Y Faria, en silencio, entregó el papel a Dantès, quien, esta vez, volvió a leer con avidez las palabras siguientes trazadas con una tinta roja, como de herrumbre:

Este día 25 de abril de 1498, ha

Alejandro VI, y temiendo que no

quiera además heredar de mí, y reser

y Bentivoglio, muertos envenenados,

mi heredero universal, que he es

por haberlo visitado conmigo, es decir en

isla de Montecristo, todo lo que pos

rías, diamantes, joyas; tesoro cuya exis

que puede ascender más o menos a dos mil

encontrará levantando la vigésima pie

cala del este en línea recta. Dos aber

en esas grutas: el tesoro está en la parte más a

el cual tesoro le lego y le cedo en to

único heredero.

25 de abril de 1498

—Ahora —repuso el abate—, lea este otro papel.

Y mostró a Dantès una segunda hoja con otros fragmentos de líneas.

Dantès lo cogió y leyó:

biendo sido invitado a cenar por Su Santidad

contento con haberme hecho pagar el capelo cardenalicio,

varme la misma suerte de los cardenales Crapara

declaro a mi sobrino Guido Spada,

condido en un lugar que él conoce

las grutas de la pequeña

eía en lingotes, en oro-moneda, pedre-

tencia yo conozco, que

lones de escudos romanos, y que

dra a partir de la pequeña

turas han sido practicadas

lejada de la segunda,

tal propiedad, como a mi

ARSPADA

Faria le seguía ardientemente con la mirada.

—Y ahora —dijo, cuando vio que Dantès había llegado a la última línea— junte los dos fragmentos y juzgue usted mismo.

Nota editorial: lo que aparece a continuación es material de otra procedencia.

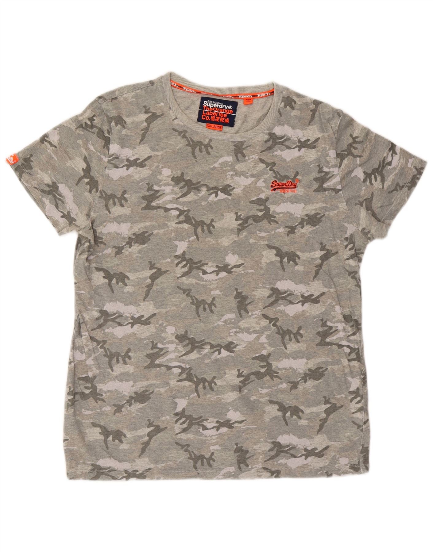 SUPERDRY Herren T-Shirt Top 2XL Grau Camouflage Baumwolle
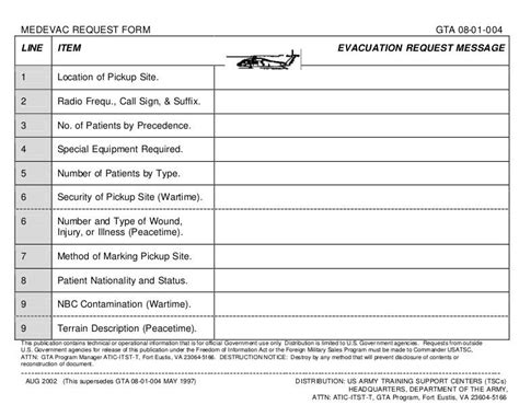 1) the location of the pickup site and call sign/frequency. Contact the unit that controls the evacuation assets. Number of precedence by number _____ If you find a flaw in the. It serves as a crucial guide for military personnel requiring medical evacuation.
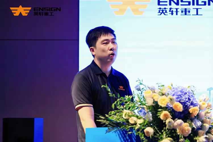 在“智拓新境·绿绘未来”的主题下,两位经销商代表的分享,生动诠释了英轩的实力。北京瑞英隆机械设备有限公司总经理王义海凭借十年深耕的经历,阐述了厂商协同的共赢之道:“从国三到国四的技术迭代,从燃油到纯电、混动的产品布局,英轩始终以硬核品质和前瞻技术为我们提供底气。”
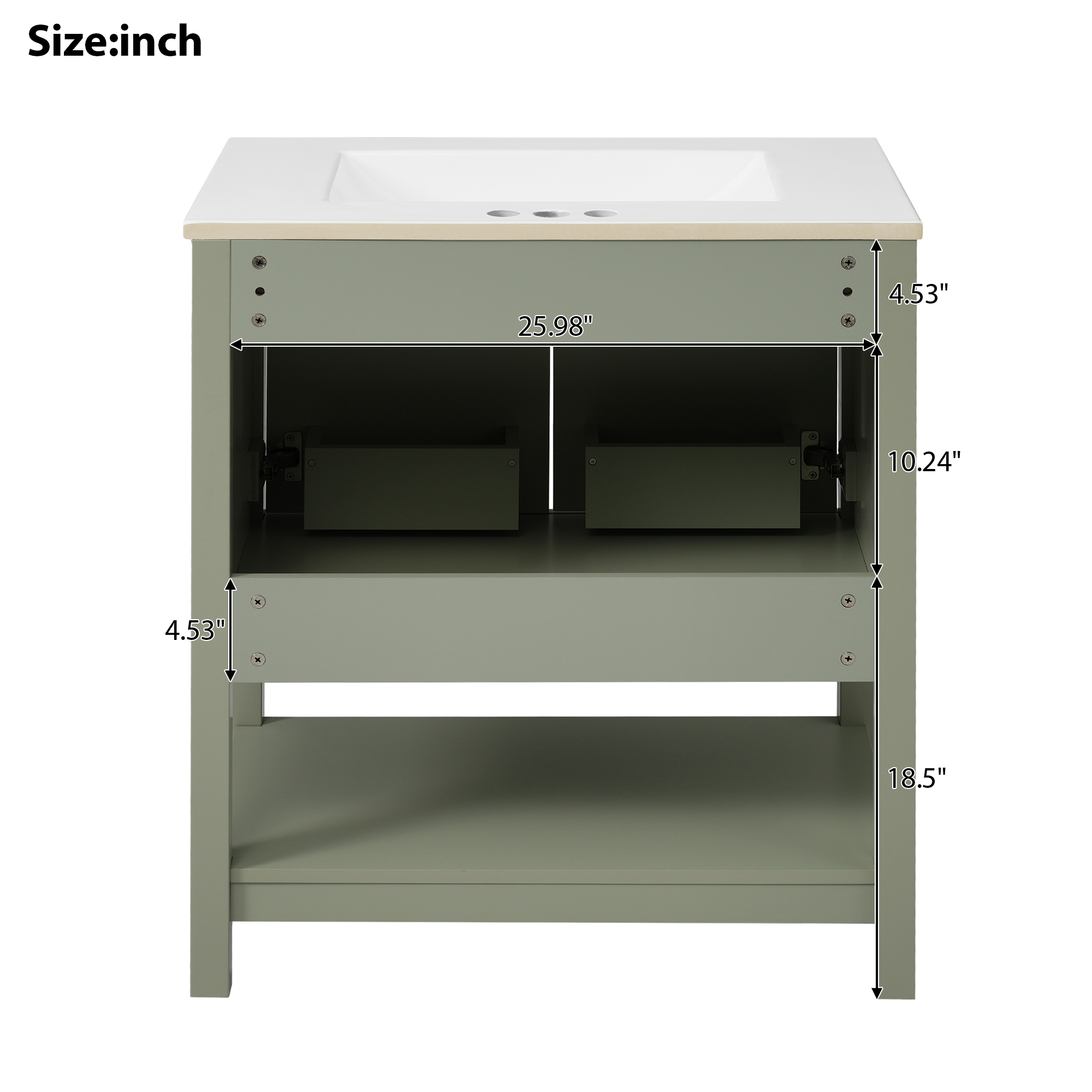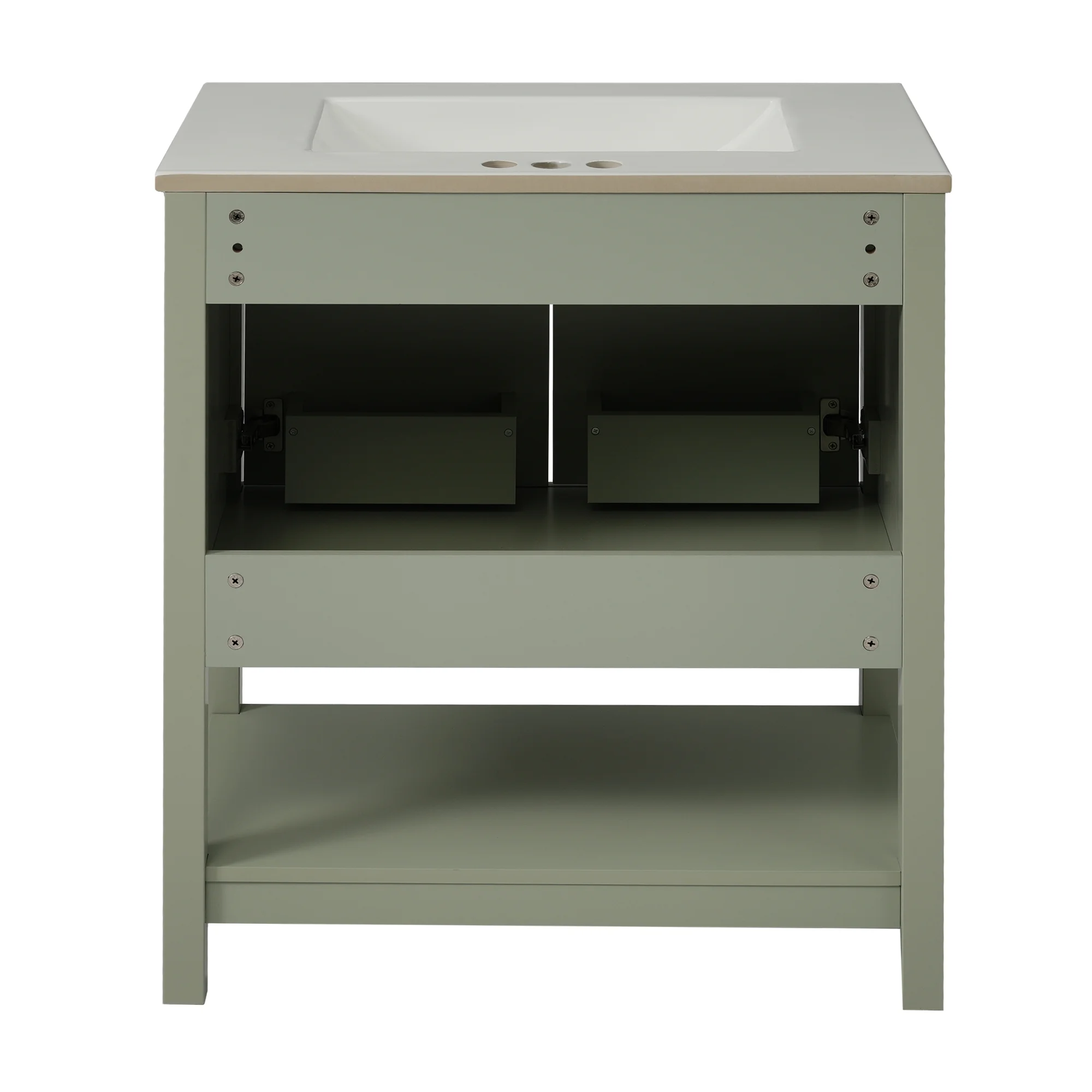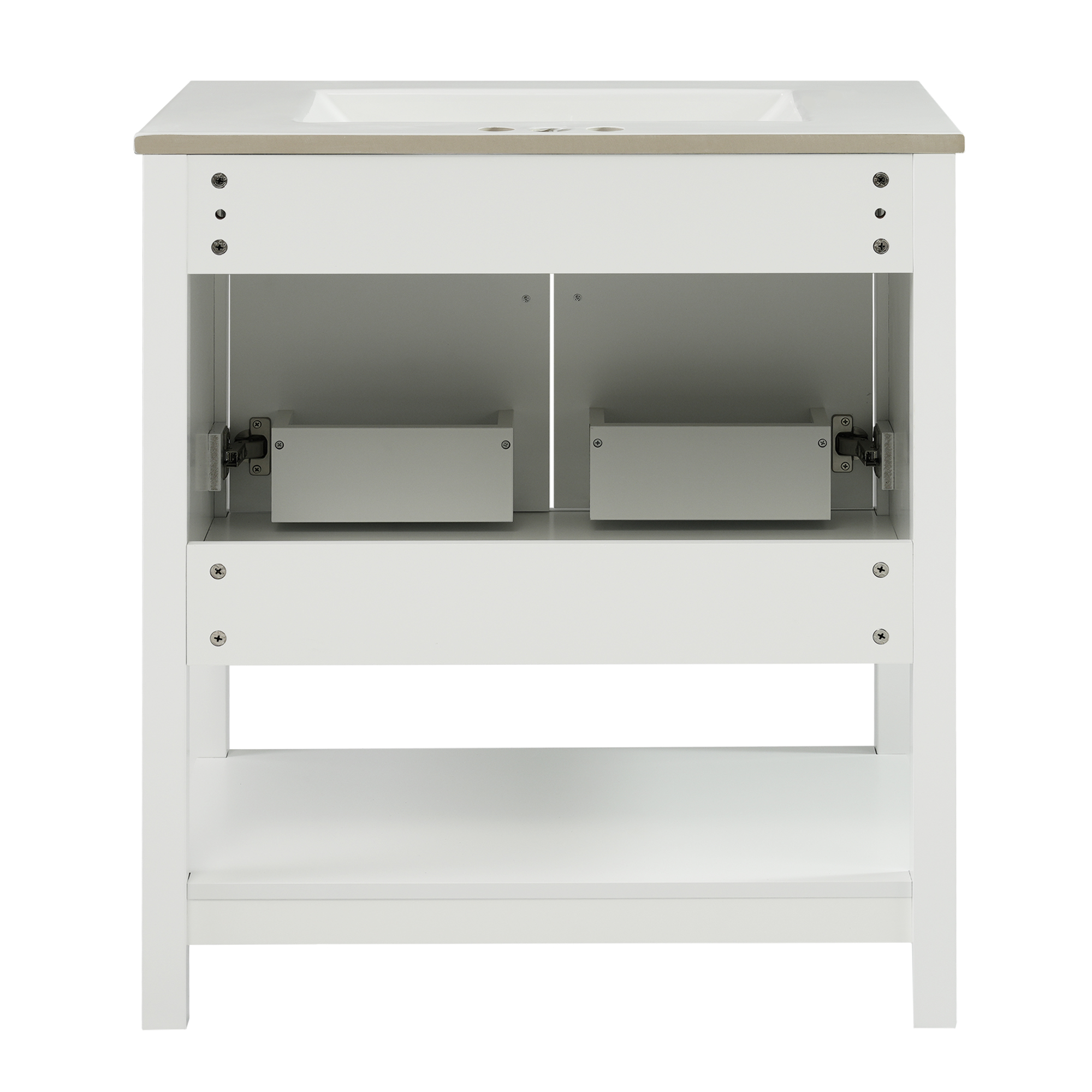Featuring 2 multifunctional storage doors and open storage, this vanity provides ample storage space for your bathroom essentials. Keep everything organized and within reach.

Dantès obedeció; los dos fragmentos juntos formaban el conjunto siguiente:

Este día 25 de abril de 1498, ha…biendo sido invitado a cenar por Su Santidad Alejandro VI, y temiendo que no… contento con haberme hecho pagar el capelo cardenalicio, quiera además heredar de mí, y reser…varme la misma suerte de los cardenales Crapara y Bentivoglio, muertos envenenados, … declaro a mi sobrino Guido Spada, mi heredero universal, que he es…condido en un lugar que él conoce por haberlo visitado conmigo, es decir en… las grutas de la pequeña isla de Montecristo, todo lo que pos…eía en lingotes, en oro-moneda, pedrerías, diamantes, joyas; tesoro… cuya existencia yo conozco, que puede ascender más o menos a dos mil…lones de escudos romanos, y que encontrará levantando la vigésima pie…dra a partir de la pequeña cala del este en línea recta. Dos aber…turas han sido practicadas en esas grutas: el tesoro está en la parte más a…lejada de la segunda, el cual tesoro le lego y le cedo en to…tal propiedad, como a mi único heredero.

25 de abril de 1498

CES…ARSPADA

—Y bien, ¿comprende ahora?

—¿Era la declaración del cardenal Spada y el testamento que buscaban desde hacía tanto tiempo? —dijo Edmond todavía incrédulo.

—¡Oh! Sí, mil veces sí.

—¿Quién lo ha reconstruido así?

—Yo, que con la ayuda del fragmento que quedaba adiviné el resto, midiendo la longitud de las líneas con las del papel y descubriendo el sentido de lo quemado a través del sentido visible, como uno se guía en un subterráneo con un residuo de luz que viene de arriba.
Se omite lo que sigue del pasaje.